Le matin de mon retour de Bergerac, il y avait une grande agitation sur les listes de discussion du parti. L’affiche officielle d’Anne Hidalgo à Paris venait de sortir, ornée du logo Front de gauche. Elle est vécue dans nos rangs comme une gifle très dure. Après quinze jours d’attente, nous avions eu la publication d’un texte cauteleux, en pur charabia, dont on nous a d’abord annoncé que son application rendrait tout plus clair. Ensuite, lundi, Marie Pierre Vieu prenait des engagements fermes au nom de la direction communiste, devant les responsables communistes parisiens, devant Eric Coquerel, secrétaire national de notre parti, et Martine Billard, notre co-présidente. Le logo ne serait pas mis sur les documents officiels de la campagne socialiste. C’est-à-dire aucune affiche officielle, profession de foi, bulletin de vote. Une confirmation écrite était annoncée pour le lendemain. Cette disposition ne serait pas étendue à toutes les villes, mais elle le serait cependant là où les communistes font liste commune avec des ministres du gouvernement. Certes, c’était là une réponse à minima, mais elle permettait de tourner la page. En fait la réponse écrite et « claire » de la direction communiste est bien venue le mercredi. Elle a été publiée sur les murs de Paris : sous le visage de la candidate du PS, sur l’affiche officielle, on peut voir le logo du « Front de gauche ». Retour à la case départ, mais cette fois ci avec une duperie organisée. A cette heure, j’avoue ma perplexité. « La crise est derrière nous », avait pourtant déclaré Pierre Laurent. Je ne m’attendais pas à ce retour volontaire dans la crise. Pourquoi ce revirement ? J’essaie de le comprendre.

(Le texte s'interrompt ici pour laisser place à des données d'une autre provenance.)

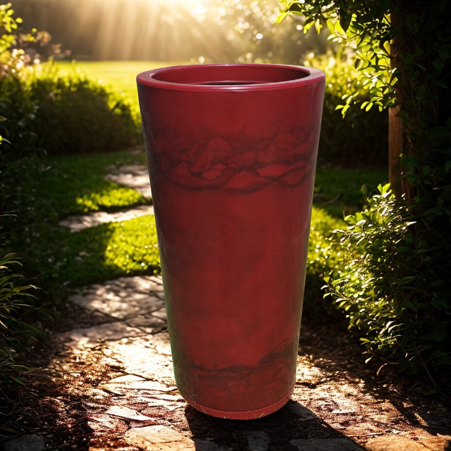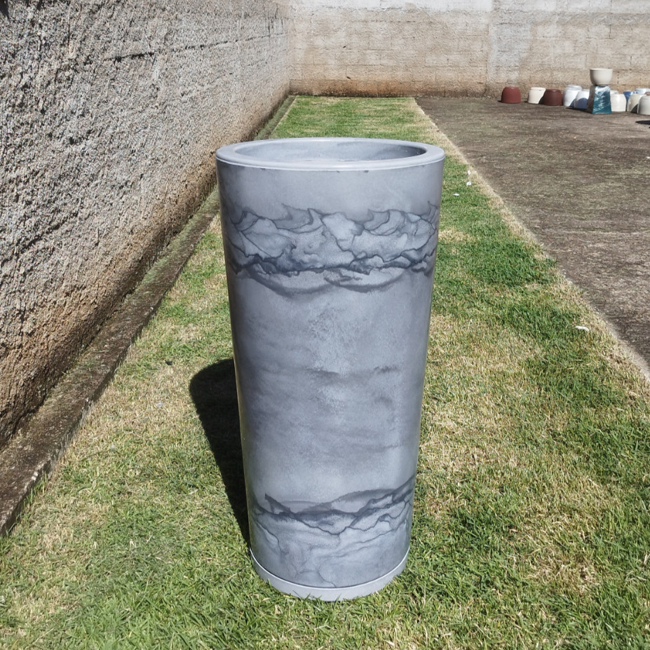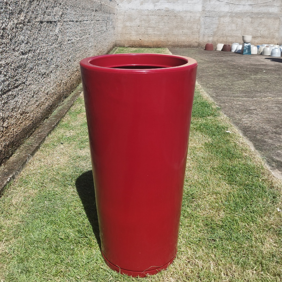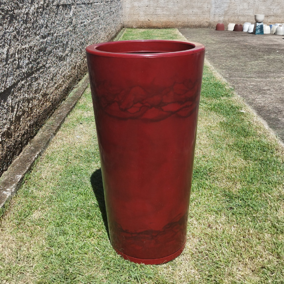 Vaso Grande 75 cm de Polietileno para Plantas Coluna Redonda Cone Lisa Moderna Jardim Sala Com Prato
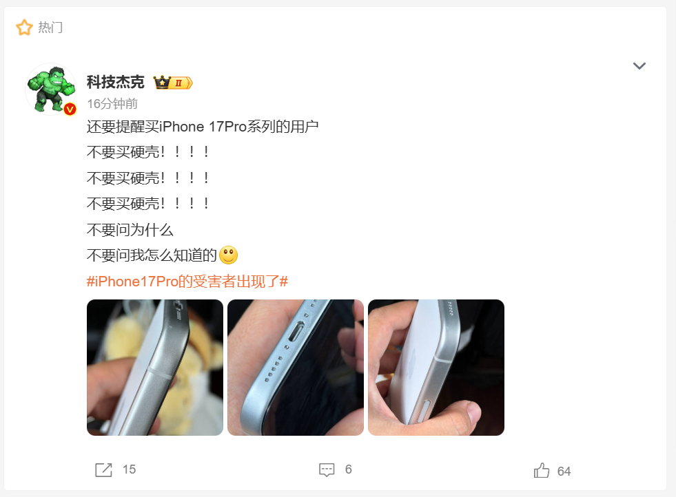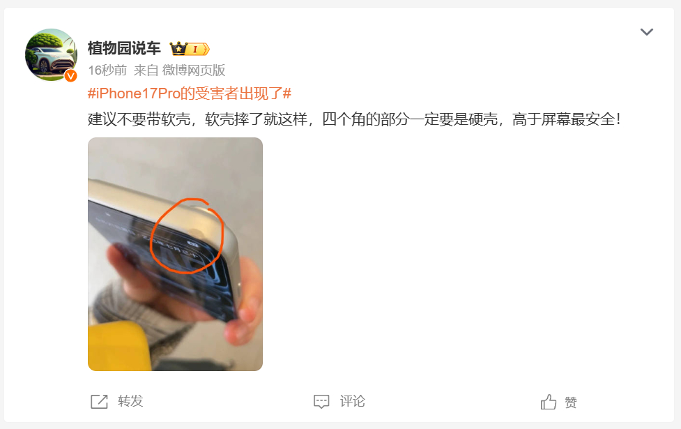 我也是首发用户,现在一点毛病没有,它毕竟是金属做的,不是橡皮泥做的…iPhone17Pro的受害者出现了
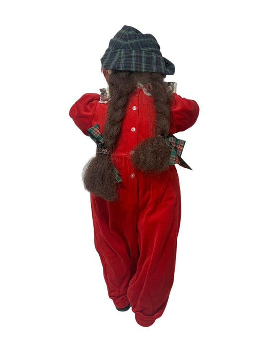 Vintage 1990s Hide n Seek Time Out Doll Girl Brown Braids Red Velour Plaid
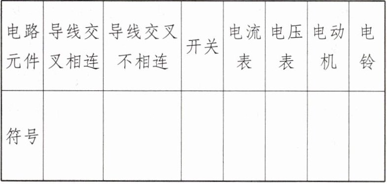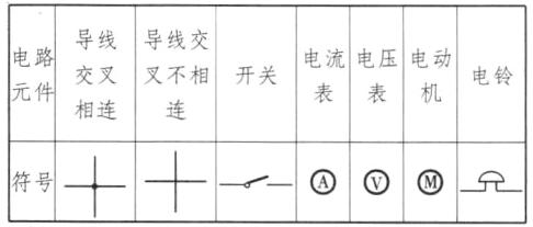 | 电路元件 | 导线交叉相连 | 导线交叉不相连 | 开关 | 电流表 | 电压表 | 电动机 | 电铃 |

Pitoyable direction du PCF de Paris qui n’ose plus s’afficher sous son seul nom, ni assumer ses choix politiques sous son propre drapeau. Mais que le dépit ne nous égare pas. Je dis que le piège, ce serait de confondre ce pauvre avatar parisien avec le parti informel des communistes que je rencontre partout sur le terrain. Ceux-là tiennent parole, et restent faits de fraternité, d’honnêteté et de courage individuel. Le devoir d’unité et l’exigence de clarté peuvent marcher de pair. Avec tous ceux qui le veulent, de quelqu’horizon qu’ils viennent à gauche, il faut continuer à ouvrir la marche sur cette ligne de crête.

Pour le reste, à quoi bon discuter encore ? Je pense que nombre de citoyens qui s’intéressent au sujet se sont fait leur idée sur ce naufrage. Le problème, ce n’est plus tant l’exécutant de la manœuvre. Le problème vient plutôt des commanditaires à qui cette manœuvre profite. Madame Hidalgo le sait parfaitement : ce n’est pas le Front de gauche qui est sur sa liste. Doit-on en déduire qu’elle veut utiliser notre sigle pour détourner des électeurs en les trompant ? Madame Hidalgo est la bénéficiaire de cette tentative de détournement de suffrages. Mais l’a-t-elle sollicité ? Voilà la question qu’il faut se poser. Il ne faudrait pas accuser et découvrir ensuite que chacun, et même elle, aura été manipulée. Pour ma part, je n’imaginais pas Anne Hidalgo dans ce rôle médiocre. Ce n’était pas l’idée que je me faisais d’elle. De toute façon, la réplique viendra.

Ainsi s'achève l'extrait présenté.